Our lives are made into horrific parodies enough as it is- we really don't need your "help," and we really, REALLY don't need your patronizing, transphobic double-speak.

- Gerald Kenny


You can yell at email Duffy at pduffy@herald.ca, and the Chronicle Herald at letters@herald.ca.

Dude lives in Halifax, for fuck's sake. The whole queer community there is gonna be on him like a ton of (immaculately groomed) bricks.

ETA: Duffy just emailed me back.

Dear Gerald.

Thank you for taking the time to write.

Appreciate your input.

And just to set the record straight, no, one of the panellists didn't ask for the story not to run. He asked to see it first, and I replied, respectfully, that isn't Herald policy.

Most sincerely,
Peter Duffy


Oh, not Herald Policy? That makes it okay, then!

Way to not address... well, fucking ANYTHING, ya douchetool.

[identity profile] ishyface.livejournal.com 2007-10-22 03:42 am (UTC)(link)
He's also apparently said some pretty disparaging things about how white folks are being made to feel guilty by our dam' liberal media.

He fails at everything.

[identity profile] dimethirwen.livejournal.com 2007-10-22 03:48 am (UTC)(link)
*beats him harder*

[identity profile] mresundance.livejournal.com 2007-10-22 12:05 pm (UTC)(link)
Poor white folk. So oppressed. So marginalized by media. There are so many white people and white characters in TV, it's like drowning a sea of whiteness. It's unbearable.

Also, when white kids get abducted, you see their faces everywhere! Horrible! Why can't the news media just ignore the white kids like they do the kidnapped kids of color? I don't want my sitcom full of affluent, white, middle class straight people to be interrupted by depressing things like white kids being kidnapped.
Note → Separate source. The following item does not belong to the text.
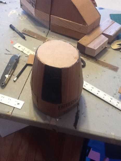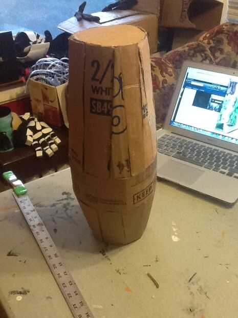 Desde allí, usted comenzará a hacer el contenedor mezclador real. Hace dos círculos y una banda y conectado con las tiras para formar un cono. (Foto 3)... Esto me recuerda un poco ese frasco de goop de la película Prometheus

[identity profile] ishyface.livejournal.com 2007-10-22 02:44 pm (UTC)(link)
Yeah, if you should feel pity for anyone it's white folks. We've got so much pressure on us, and all, and all these people trying to make us feel guilty for a trifling century or two (or five) of genocide and slavery just make it worse. *totters off to the (white) fainting couch*

[identity profile] mresundance.livejournal.com 2007-10-22 03:24 pm (UTC)(link)
Seriously. I don't need anymore crap about how my ancestors enslaved and raped bunch of people. That was like forever ago.

It's not like things like rape and murder and beatings happen to people of color because of their race anymore anyways. I mean seriously, they have like, affirmative action in the states. Now that's racist against white people! They are oppressing us and our children and keeping us down!